Providing accessibility to authentic cultural learning experiences is another way that CommonTime is impacting the Arts Ed community. Many schools do not have the funds or the opportunity to hire visiting artists and pay for their travel and stay even once, let alone multiple times per year. We are breaking borders and cutting out unnecessary costs and barriers on both sides. On top of that, there are no health and safety risks because everything is virtual. Anybody can have an authentic Arts Experience from the comfort of their studio, classroom, or business.
What are your hopes for CommonTime?
My hope is that the platform keeps growing and thriving. I would love to see it host artists of every facet and medium you could think of, as well as offer a large catalog of arts organizations’ outreach programs. My wish is to see CommonTime become a truly global and widely-used platform. It’s all about fulfilling our mission. Right now we have artists and educators from many different countries, so it is really neat to see our mission come to fruition even in these beginning stages.
We would also like to contribute to Arts Education now and as the company grows by supporting young learners with internship opportunities. It is important to our team that we are always fostering a creative and inspirational environment. Eventually, we hope to supply schools in need with arts outreach programs and participate in other philanthropy for the arts and arts education.
There's nothing worse than trying to force yourself to fit a position or team that just isn’t right for you.
How did UK and the Department of Arts Administration help prepare you for this endeavor?
As a whole, the Department of Arts Administration made me feel confident to enter the workforce and advocate for myself as a competitive candidate. The internship requirement was one of the best ways the department could have prepared us for life after college. For the internship requirements, I gained experience in both the nonprofit and for-profit sectors which was a huge help. Besides that, learning how to write a mission statement (we spent many weeks on ours), how to come up with a business plan, and how to create a pitch deck have all been integral in my success with CommonTime. My role at CommonTime is a culmination of everything I learned over the 4 years in the Arts Admin Department.
What advice would you give to current students looking to pursue a career in Arts Administration?
My first piece of advice is to always be on the lookout for networking opportunities, even before you graduate. Internships, job fairs, professional reviews, and other school events are a great way to meet people who want to help you succeed in the future.
Next would be not to lock yourself into a box when looking for a job. You might have a dream job in mind already and that is fantastic, but be open to other opportunities; they could make you a stronger candidate in the future. Also, non profit work and for-profit work are both accessible with an Arts Administration degree.
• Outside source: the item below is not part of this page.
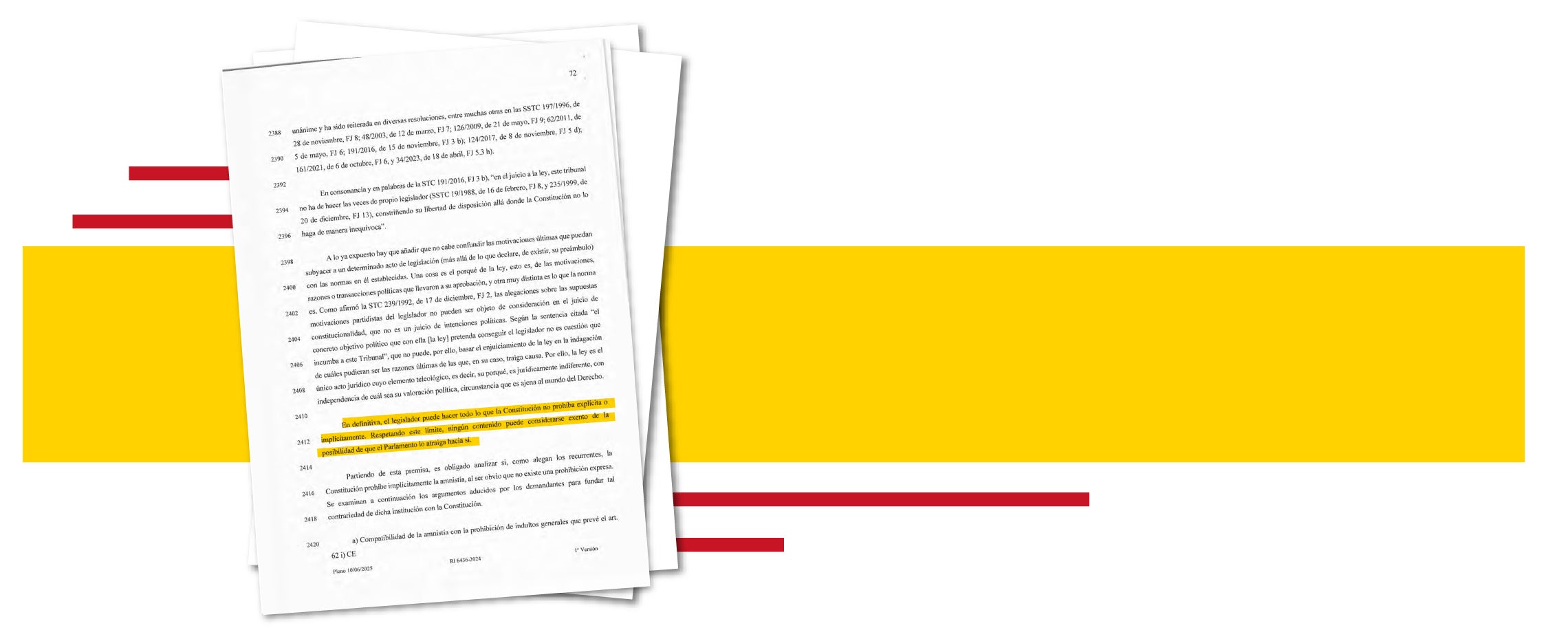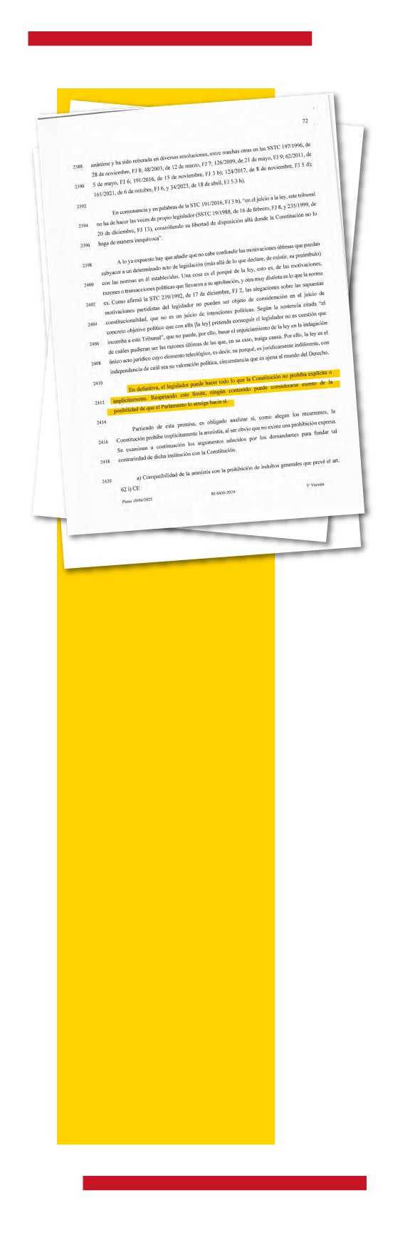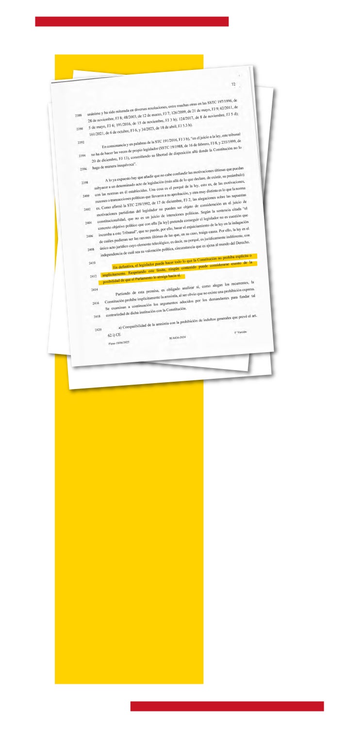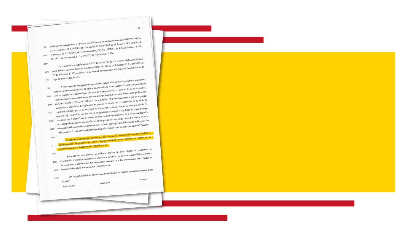 «El legislador puede hacer todo lo que la Constitución no prohíba explícita o implícitamente», concluye con rotundidad ese documento que bendice la inmensa mayoría del texto de la Ley Orgánica 1/2024, de 10 de junio, ‘de amnistía para la normalización institucional, política y social en Cataluña’. La corte solo da la razón al PP en tres aspectos, bastantes secundarios, de su demanda: en que vulnera el principio de igualdad por no amnistiar los actos contrarios al procés; en su falta de concreción temporal de los hechos a cancelar y en la necesidad de oír a las partes en el Tribunal de Cuentas.

Finally, be your genuine self. It might sound cliché, but there's nothing worse than trying to force yourself to fit a position or team that just isn’t right for you. There’s a difference between exploring outside of your comfort zone in a positive way and trying to change yourself for a job. I was lucky enough to find a team where every meeting starts and ends with chatting about each other's lives and accomplishments and we are still able to get all of our work done across three different time zones and continents. We are truly a little virtual family and I am forever grateful for that!